╭──
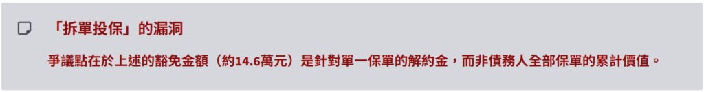 - 助長「全民耍無賴」:批評者認為,這使得債務人可以利用「拆單」方式投保,將大額資產拆成多張解約金均未超過14.6萬元的保單,從而合法規避強制執行,達到欠錢不還的目的。
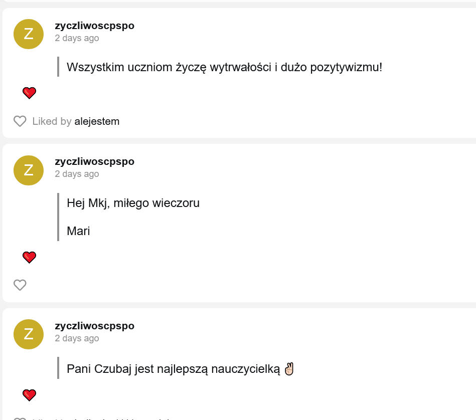 Czy widzieliście już jakie życzliwe słowa padły na naszym szkolnym Tellonym? W końcu trwa Tydzień Życzliwości – cały czas możecie przesyłać anonimowo ciepłe słowa dla osób z naszej szkolnej społeczności. Dziś też pojawiło się pierwsze wyzwanie w #kindnesschallenge: UŚMIECHNIJ SIĘ SERDECZNIE DO 5 OSÓB.
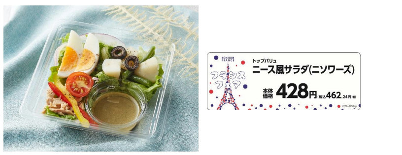 南仏のプロヴァンス地方ニースの名物料理。トマト、いんげん、じゃがいも、ゆで卵、ツナ、黒オリーブなどのサラダに、アンチョビソースベースのドレッシング付き。価格は428円。
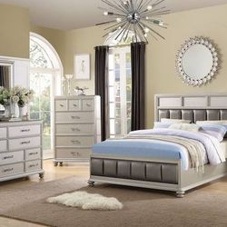 Brand New Silver Modern Queen Bedframe + Dresser + Mirror + Nightstand 4PCs Bedroom Set$1,499San Diego, CA
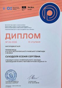 | 2 | Суходоля Єсенія Сергіївна | 9 | ІІІ | Семенюк Костянтин Васильович |
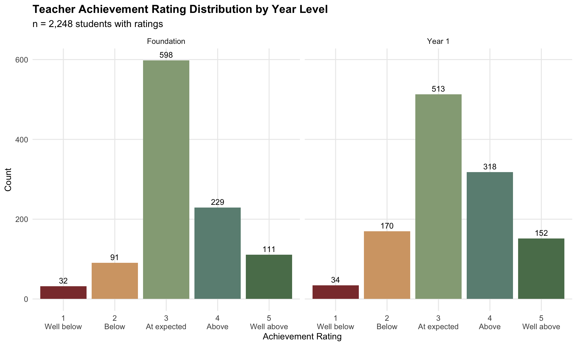 Teacher achievement ratings: 5-point ordinal scale (1=Well below expected, 5=Well above expected).
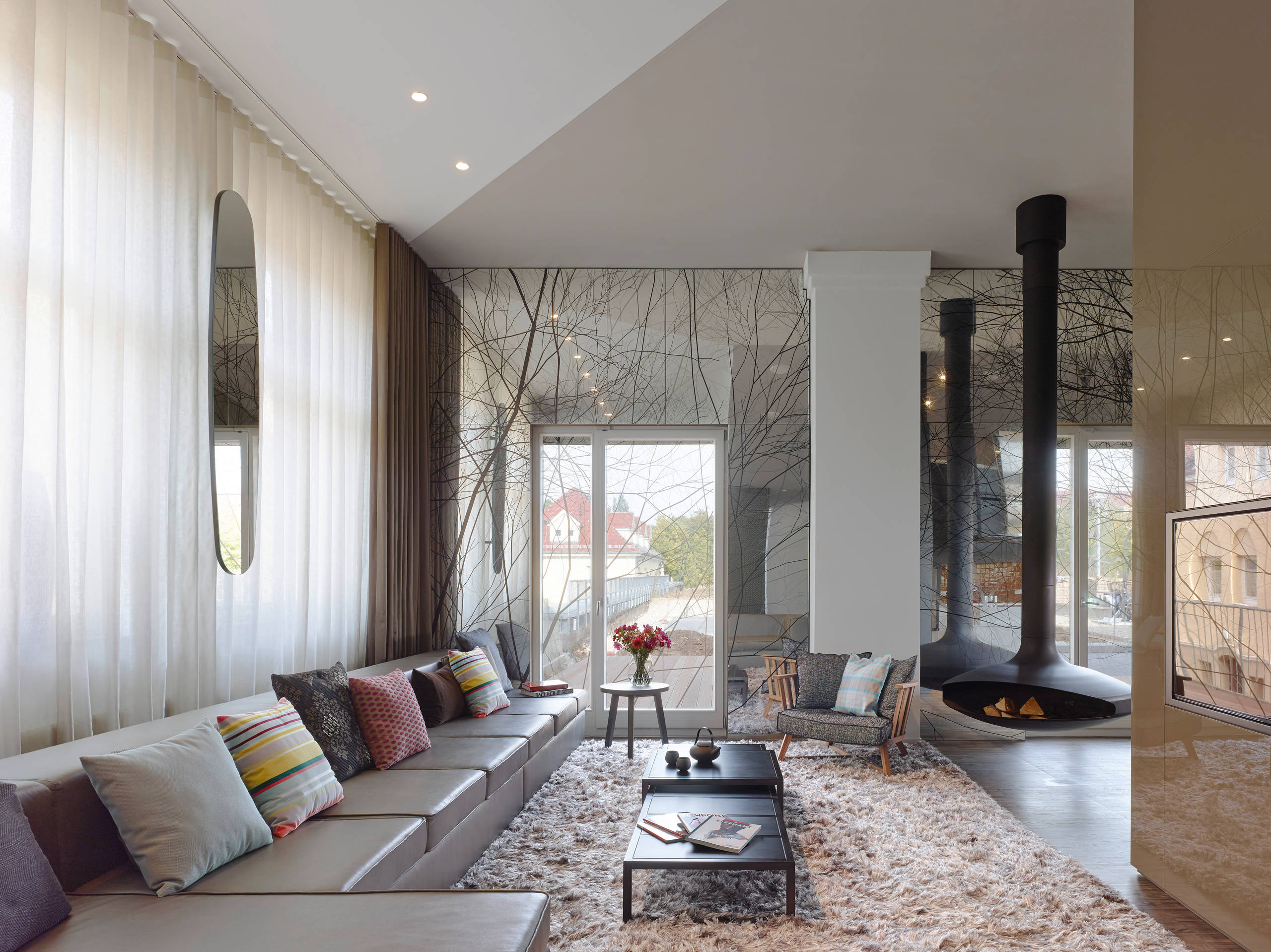 Dans ce loft de Stuttgart en Allemagne, des plaques de verre miroir à motif ont été posées en applique autour des fenêtres afin d’élargir l’espace et de donner une sensation d’extérieur en intérieur. La pose d’émaux recuits à haute température est une autre façon de décorer le verre qui permet d’appliquer de façon inaltérable des motifs, des photos ou du texte sur toutes les variétés de vitrages, en blanc ou couleur. « La personnalisation n’a guère de limite et nous pouvons étudier tout type de projets sur mesure », affirme notre expert.
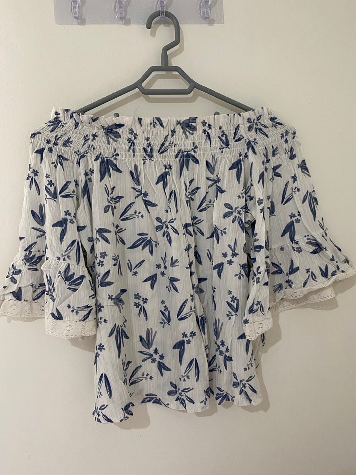 Bohem tarzda, straplez yaka ve kısa kollu, bol kesim beyaz bluz. Mavi çiçek desenli, fırfır detaylı ve yumuşak sentetik kumaştan üretilmiştir.
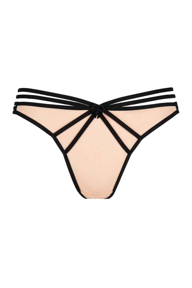 Le string Zephyr V-7008 dispose d’un jeu de contraste avec ses lignes noires sur un fond beige clair. Une couleur peau qui permet de se faire plaisir en portant une lingerie discrĂšte et sexy Ă la fois. On remarquera toujours les laniĂšres qui surmontent la taille tandis que le bas du dos se retrouve dĂ©corĂ© par ce noir intense. Les fesses sont complĂštement dĂ©couvertes et mises en valeur. Le string V-7008 accompagne le soutien-gorge Zephyr V-7001 de la mĂȘme collection.
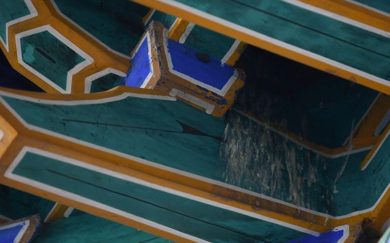 7月12日,正阳门城楼木构件上有雨燕“甩出”巢穴的粪便。最新往事记者 李木易 摄
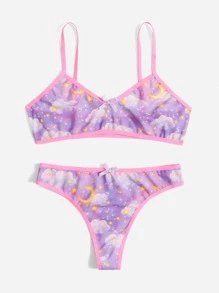 Galaxy Print Contrast Binding Bow Decor Lingerie Set
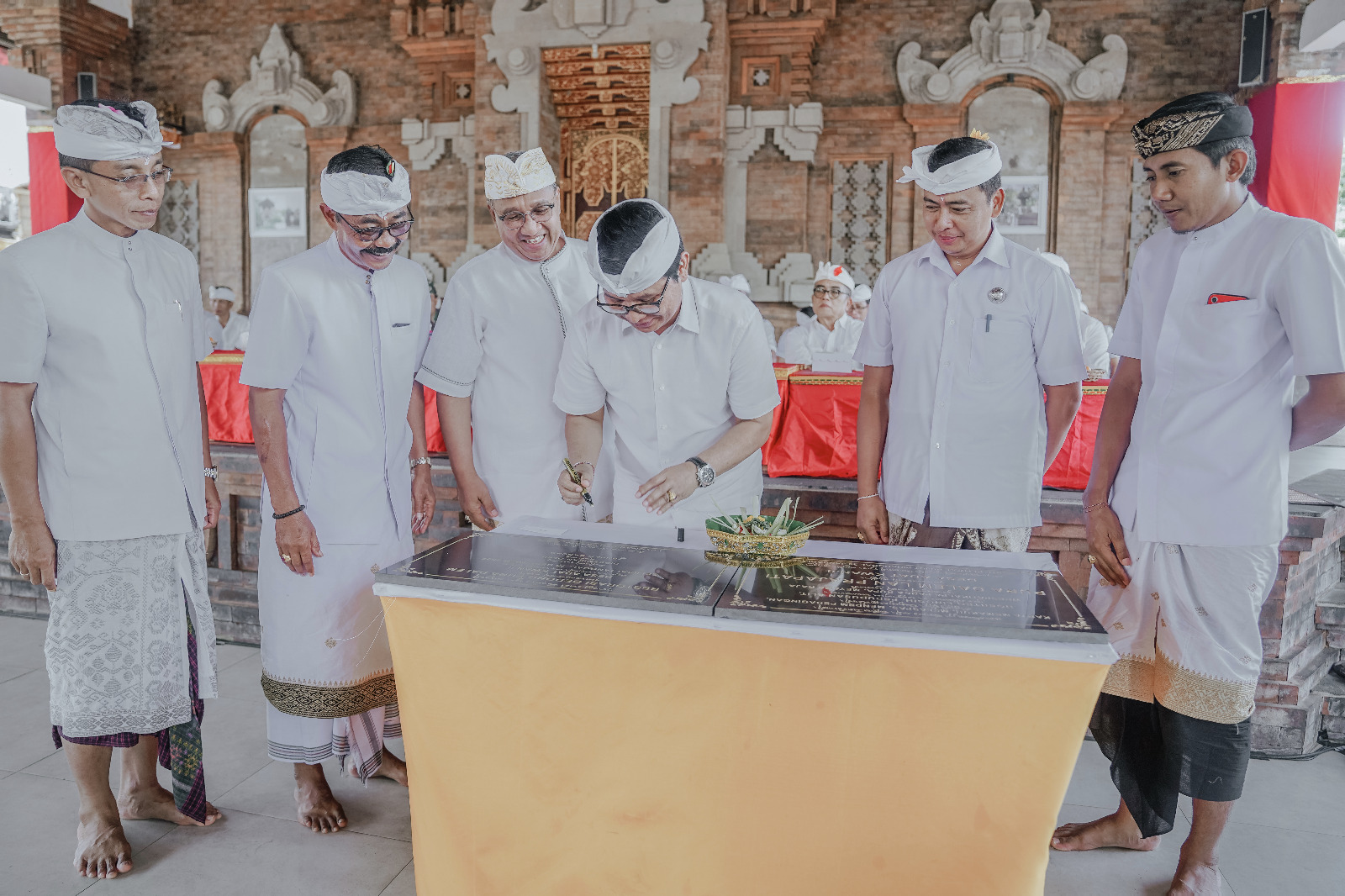Sekretaris Daerah Kabupaten Badung I Wayan Adi Arnawa mewakili Bupati Badung, menghadiri puncak Karya Melaspas, Mendem Pedagingan, Ngenteg Linggih Padudusan Alit, Wrespati Kalpa Panca Rupa Meyama Raja di Pura Dalem dan Prajapati, Desa Adat Kwanji, Sempidi, Minggu (29/1). Dalam kesempatan ini Sekda Adi Arnawa memberikan paraf di prasasti dan menyerahkan bantuan dana aci dari Pemerintah Kabupaten Badung sebesar Rp 50 juta. Karya yang dipuput oleh Ida Pedanda Gede Watulumbang Sibang ini turut dihadiri oleh Ketua DPRD Kabupaten Badung Putu Parwata, Kepala Dinas Kebudayaan Kabupaten Badung I Gde Eka Sudarwitha, Camat Mengwi Nyoman Suhartana, Tripika Kecamatan, Lurah sempidi I.G.A.K. Oka Dewi Pertiwi, Babinsa dan Bhabinkamtibmas, Bendesa Adat Sempidi, Bendesa Adat Tegal Darmasaba, Bendesa Adat Padang Luwih, Paiketan Prajuru Desa Adat Sempidi Kwanji serta tokoh masyarakat setempat.
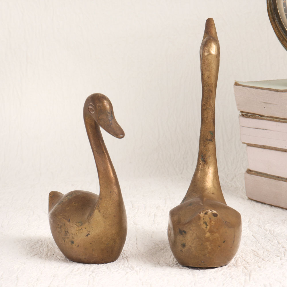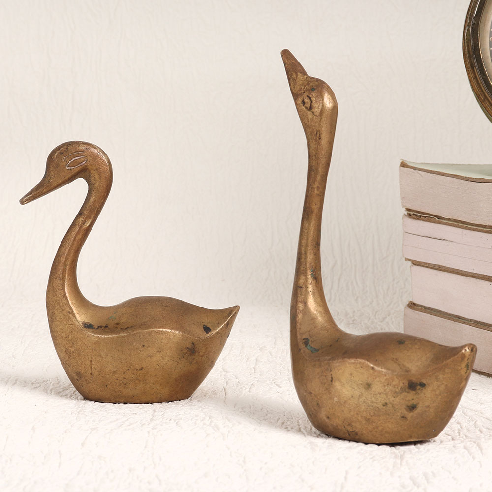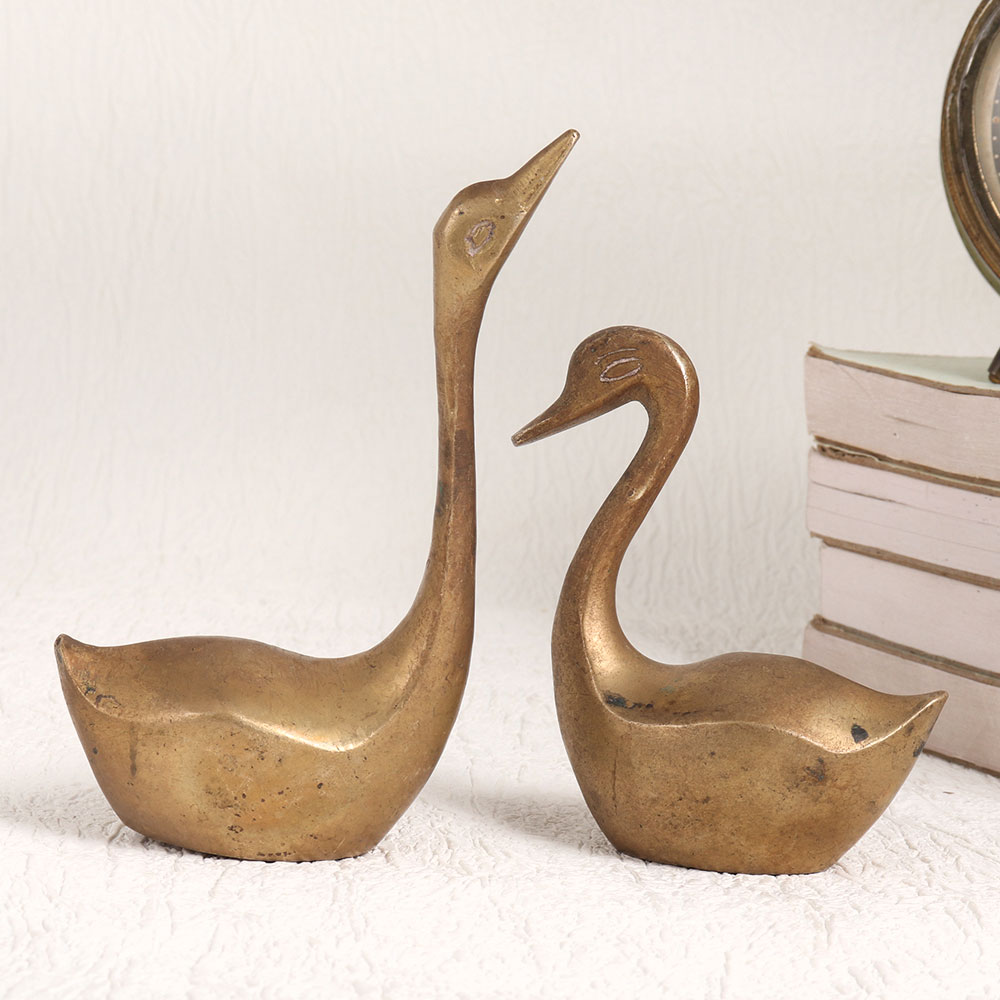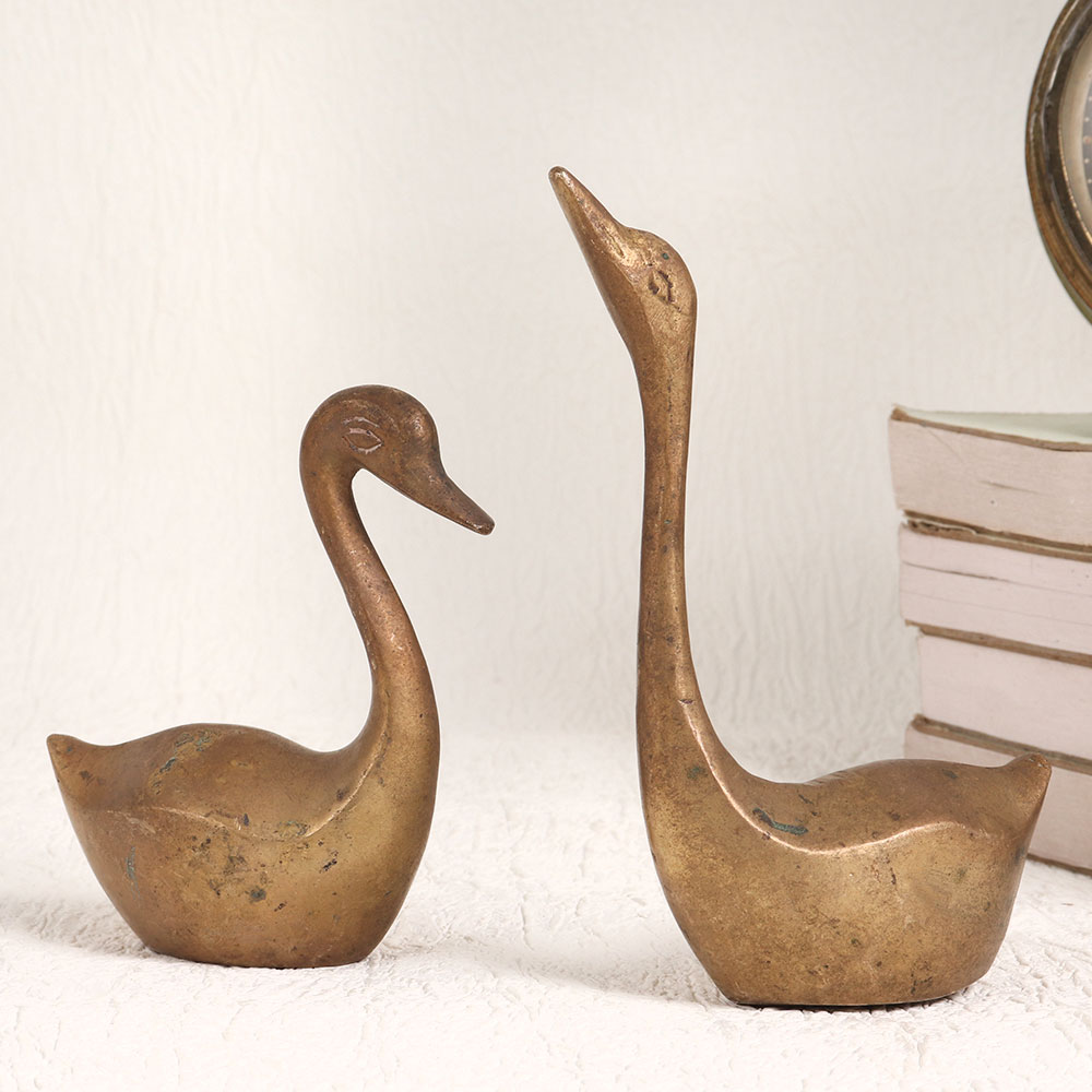 Buy an exquisite brass pair of ducks online in an antique brown finish and get a hassle free delivery right at your doorstep. Crafted with precision and passion by skilled artisans, these ducks embody the essence of high-quality craftsmanship. Each duck is meticulously handmade from premium brass, ensuring both durability and a lustrous vintage appearance. The antique brown finish adds an air of sophistication and elegance, making them a versatile addition to any setting. Whether gracing your home, office, restaurant, hotel, cafe, or shop, these ducks serve as an enchanting decoration piece that effortlessly elevates the ambiance. Ideal for vintage enthusiasts, they can take pride of place in your collection or enhance your exhibition's charm. Moreover, these ducks make for meaningful gifts on special, festive, or auspicious occasions, symbolizing the enduring bond of love and appreciation. Share the artistry of English craftsmanship with your loved ones, and let these brass ducks create lasting memories in their hearts.
╰──
Work order →
A faithful copy of the records above is needed, with the pictures left out.

Task output →
 - 助長「全民耍無賴」:批評者認為,這使得債務人可以利用「拆單」方式投保,將大額資產拆成多張解約金均未超過14.6萬元的保單,從而合法規避強制執行,達到欠錢不還的目的。
 Czy widzieliście już jakie życzliwe słowa padły na naszym szkolnym Tellonym? W końcu trwa Tydzień Życzliwości – cały czas możecie przesyłać anonimowo ciepłe słowa dla osób z naszej szkolnej społeczności. Dziś też pojawiło się pierwsze wyzwanie w #kindnesschallenge: UŚMIECHNIJ SIĘ SERDECZNIE DO 5 OSÓB.
 南仏のプロヴァンス地方ニースの名物料理。トマト、いんげん、じゃがいも、ゆで卵、ツナ、黒オリーブなどのサラダに、アンチョビソースベースのドレッシング付き。価格は428円。
 Brand New Silver Modern Queen Bedframe + Dresser + Mirror + Nightstand 4PCs Bedroom Set$1,499San Diego, CA
 | 2 | Суходоля Єсенія Сергіївна | 9 | ІІІ | Семенюк Костянтин Васильович |
 Teacher achievement ratings: 5-point ordinal scale (1=Well below expected, 5=Well above expected).
 Dans ce loft de Stuttgart en Allemagne, des plaques de verre miroir à motif ont été posées en applique autour des fenêtres afin d’élargir l’espace et de donner une sensation d’extérieur en intérieur. La pose d’émaux recuits à haute température est une autre façon de décorer le verre qui permet d’appliquer de façon inaltérable des motifs, des photos ou du texte sur toutes les variétés de vitrages, en blanc ou couleur. « La personnalisation n’a guère de limite et nous pouvons étudier tout type de projets sur mesure », affirme notre expert.
 Bohem tarzda, straplez yaka ve kısa kollu, bol kesim beyaz bluz. Mavi çiçek desenli, fırfır detaylı ve yumuşak sentetik kumaştan üretilmiştir.
 Le string Zephyr V-7008 dispose d’un jeu de contraste avec ses lignes noires sur un fond beige clair. Une couleur peau qui permet de se faire plaisir en portant une lingerie discrĂšte et sexy Ă la fois. On remarquera toujours les laniĂšres qui surmontent la taille tandis que le bas du dos se retrouve dĂ©corĂ© par ce noir intense. Les fesses sont complĂštement dĂ©couvertes et mises en valeur. Le string V-7008 accompagne le soutien-gorge Zephyr V-7001 de la mĂȘme collection.
 7月12日,正阳门城楼木构件上有雨燕“甩出”巢穴的粪便。最新往事记者 李木易 摄
 Galaxy Print Contrast Binding Bow Decor Lingerie Set
Sekretaris Daerah Kabupaten Badung I Wayan Adi Arnawa mewakili Bupati Badung, menghadiri puncak Karya Melaspas, Mendem Pedagingan, Ngenteg Linggih Padudusan Alit, Wrespati Kalpa Panca Rupa Meyama Raja di Pura Dalem dan Prajapati, Desa Adat Kwanji, Sempidi, Minggu (29/1). Dalam kesempatan ini Sekda Adi Arnawa memberikan paraf di prasasti dan menyerahkan bantuan dana aci dari Pemerintah Kabupaten Badung sebesar Rp 50 juta. Karya yang dipuput oleh Ida Pedanda Gede Watulumbang Sibang ini turut dihadiri oleh Ketua DPRD Kabupaten Badung Putu Parwata, Kepala Dinas Kebudayaan Kabupaten Badung I Gde Eka Sudarwitha, Camat Mengwi Nyoman Suhartana, Tripika Kecamatan, Lurah sempidi I.G.A.K. Oka Dewi Pertiwi, Babinsa dan Bhabinkamtibmas, Bendesa Adat Sempidi, Bendesa Adat Tegal Darmasaba, Bendesa Adat Padang Luwih, Paiketan Prajuru Desa Adat Sempidi Kwanji serta tokoh masyarakat setempat.
 Buy an exquisite brass pair of ducks online in an antique brown finish and get a hassle free delivery right at your doorstep. Crafted with precision and passion by skilled artisans, these ducks embody the essence of high-quality craftsmanship. Each duck is meticulously handmade from premium brass, ensuring both durability and a lustrous vintage appearance. The antique brown finish adds an air of sophistication and elegance, making them a versatile addition to any setting. Whether gracing your home, office, restaurant, hotel, cafe, or shop, these ducks serve as an enchanting decoration piece that effortlessly elevates the ambiance. Ideal for vintage enthusiasts, they can take pride of place in your collection or enhance your exhibition's charm. Moreover, these ducks make for meaningful gifts on special, festive, or auspicious occasions, symbolizing the enduring bond of love and appreciation. Share the artistry of English craftsmanship with your loved ones, and let these brass ducks create lasting memories in their hearts.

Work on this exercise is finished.